I think, as times have noticeably darkened in this struggle for independence, about that smug anti-parenting article citing non-parents self-reported higher levels of happiness, and I remember the quote "my family are like millstones around my neck" and, with a nod, I still wouldn't un-wish. This is not to say That. I just want to make it easier on us, me maybe mostly her.
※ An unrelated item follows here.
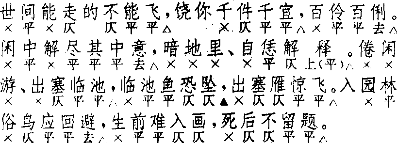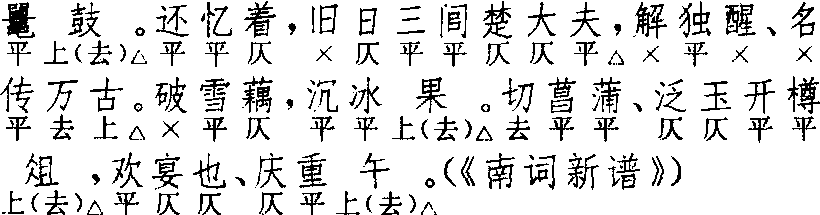 释义 | 贺新郎 贺新郎词牌名。又名《金缕曲》、《金缕词》、《金缕歌》、《乳燕飞》、《贺新凉》等。双调一百十六字, 上下阕各六仄韵。余为变格。又曲牌名。南北曲均有,均入南吕宫。北曲字句格律与词牌异,用在套曲中。南曲有二,一与词牌上阕同,用作引子;一与词牌异,亦与北曲异,用作过曲。参见“常用词谱”类。 ☚ 摸鱼儿 兰陵王 ☛ 贺新郎 贺新郎此词抒激壮之情宜用入声,抒凄郁之情宜用去声。 ☚ 摸鱼儿 兰陵王 ☛ 贺新郎 贺新郎钟嗣成 《自序丑斋》套 ![]() 全曲十一句:7△,4△,4△。7△,7△。7△,5▲,5△。7△,5,5△。第二、三句须对。第七、八句及第十、十 一句,作者多用对语。第六句属上属下均可。第七句可收平声,如关汉卿《谢天香》“除籍不为娼”,《玉镜台》“取水垂辘轳”。末二句可作七字句,如关汉卿《拜月亭》、《谢天香》。减第五句者,有孛罗御史“懒簪獬豸冠”套、郑廷玉《金凤钗》、罗贯中《风云会》三例。宋词及诸宫调均有〔贺新郎〕,诸宫调比词牌多了一些变化。南〔南吕〕慢词(引子)同词牌,过曲有所变化。北曲词式相对要丰富得多:首句七字,接着两个四字句,与诸宫调相当;中间三个七字句,句数相同;后部北曲两联五字句,诸宫调只作两个六字折腰句,南过曲亦只作两联三字句,北曲是大大发展了。 ☚ 菩萨梁州 斗虾蟆 ☛ 贺新郎 贺新郎无名氏 《分镜记》 ![]() 全曲十句:4,7△。7△。3,7△,7△。3,3△。8△,6△。第九句可作上三下五、上五下三或上一下七式八字句;亦可作普通七字句,即减去八字句的句首一字。联套时与〔节节高〕联成短套,如《东郭记·一妾》用〔贺新郎〕三支、〔节节高〕二支,《邯郸记·入梦》用〔贺新郎〕二支、〔节节高〕二支,《赠书记·花烛猜谜》用〔贺新郎〕二支、〔节节高〕一支。〔贺新郎〕套数不多见,作者多用〔梁州新郎〕套。与词牌不同。《杀狗记·乔人算帐》、《双珠记·军门优恤》、《鸣凤记·邹慰夏孤》所用〔贺新郎〕,均为词牌。南北曲均有〔贺新郎〕,皆出于词牌,各有变化增减。以〔贺新郎〕为主的集曲有〔新郎抚孤雁〕,见《南词简谱》。 ☚ 梁州新郎 节节高 ☛ 贺新郎 贺新郎又名《乳燕飞》、《贺新凉》、《风敲竹》、《金缕歌》、《金缕曲》、《金缕词》、《貂裘换酒》、《金缕衣》,《风瀑竹》,清人又有名《雪月江山夜》者。见宋苏轼《东坡乐府》。杨湜《古今词话》云:“苏子瞻守钱塘,有官妓秀兰天性黠慧,善于应对。湖中有宴会,群妓毕至,惟秀兰不来。遣人督之,须臾方至。子瞻问其故,具以发结沐浴,不觉困睡,忽有人叩门声,急起而问之,乃乐营将催督之。非敢怠忽,谨以实告。子瞻亦恕之。坐中倅车属意于兰,见其晚来,恚恨未已。责之曰,必有他事,以此晚至。秀兰力辩,不能止倅之怒。是时榴花盛开,秀兰以一枝藉手告倅,其怒愈甚。秀兰收泪无言,子瞻作《贺新凉》以解之,其怒始息。”胡仔《苕溪渔隐丛话》驳之甚详,并谓:“此词腔调寄《贺新郎》,乃古曲名也。今乃云取其沐浴新凉,曲名《贺新凉》,后人不知之,误为《贺新郎》。”然云《贺新郎》为古曲名,则不知何据。《词律》卷二○列毛开及高观国所作。《词谱》卷三六因苏轼词下片“花前对酒”句少一字,且格调未谐,故以叶梦得所作(睡起流莺语)为正体,双调,一百十六字,上、下片各十句六仄韵。《词谱》收别体十种。 ☚ 贺明朝 贺新凉 ☛ 贺新郎鹤发开元叟。也来看、荆高市上,卖浆屠狗。万里风霜吹短褐,游戏侯门趋走。卿与我、周旋良久。绿鬓旧颜今改尽,叹婆娑、人似桓公柳。空击碎,唾壶口。 江东折戟沉沙后。过青溪、笛床烟月,泪珠盈斗。老矣耐烦如许事,且坐旗亭呼酒。判残腊、消磨红友。花压城南韦杜曲,问球场、马弰还能否? 斜日外,一回首。 康熙六年(1667)秋,作者守制期满,由扬州回到北京,在扇头看到曹实庵《贺新郎》“咄汝青衫叟”赠柳敬亭词。抚今思昔,感念柳生虽穷途寥落,憔悴京门,而意气犹存,滑稽仍旧,其为人有足多者,因援笔次韵,作成此词,盖亦赠柳之作也。曹实庵,即曹贞吉,字升六,号实庵,山东安丘人,行辈略后于作者,时为中书舍人。工诗词,词风雄浑苍莽而语多奇气。柳敬亭,明末泰州人,本姓曹,避仇流落江湖,尝休息于柳树下,乃改姓柳。善说书,曾客于明宁南侯左良玉幕下,受到宁南的礼遇,军中呼为柳将军而不名。左 良玉殁后,所部数十万众在九江溃散,不久清兵渡江陷南京,柳敬亭浪迹各地,重操旧业。他眷怀故国,富有爱国思想,借说书抒发胸中愤慨悲凉情绪。吴伟业、黄宗羲皆作有《柳敬亭传》。 上片起三句,感慨悲歌,点明人物正在燕京。首句“鹤发开元叟”,“鹤发”,白发,“开元叟”,表明其为前朝旧人。这句以唐代著名乐师李龟年比柳敬亭。李龟年在开元中供职梨园,经过安史之乱,流落江南,不知所终。柳敬亭的身世和李龟年有相似之处。他们都是一代著名艺人,都富于爱国思想,都曾经遭逢丧乱,以后都沦落江湖,度过白发的晚年。词称柳敬亭为 “鹤发开元叟”,真是恰当不过。二、三两句“也来看、荆高市上,卖浆屠狗” ,“荆高”,指战国末期燕国的荆轲、高渐离。荆高市,即燕市,指燕京。荆轲为燕报秦仇,临行曾悲歌于易水之上,高渐离击筑和之,为变徵之声,士皆泣涕。事见《史记·刺客列传》。“卖浆屠狗”,“卖浆”,卖酒者; “屠狗”,卖狗

holymother! so I had a dreams last night that was such metaphorical overkill! It was me at the funnest, swanky party but I could not, WOULD NOT stay because, no! this isn't like me!, and plus I had to get home to sleeping Thea. So instead I spent the entire party into the early morning hours searching the grounds for a to-go box, or even a dirty plate so I could bring home some of the amazing food from the banquet tables. But I could not find a container, or, then I could not hold onto a container, or find another... and all around me were people in various states of rapturous life-affirmation fun-having. And the food slowly disappeared, then the desserts disappeared, and the people started to disappear and I was still thinking I had to find this container because maybe the food had just been put in the fridge, and I could still make it home. And yet, my niece, who was supposed to be babysitting Thea, drifted into and out of the crowd, mentioning that she had told the neighbors that I would be right back and they weren't really keeping Thea safe, but had an ear out for her, so there was THIS too, this urgency to send my niece back to watch Thea, or to get back myself, but I just had to get this container! Why didn't I just eat the fucking food?
you guys! what is the food? did I have this dream because one of the classes I interpreted on Thoreau and his LIVE FOR NO-OTHER credo? is this just because I feel so weighed down and dispersed by the piles of things in my head I mean to get around to, but refuse to sacrifice NARY A ONE, EVEN IF IT MEANS I'VE THEN SACRIFICED THEM ALL?
Just... damn! I wish I had time for all the library books I have checked out. At least I can keep renewing them, over and over again. Eventually, I'll read up all the answers.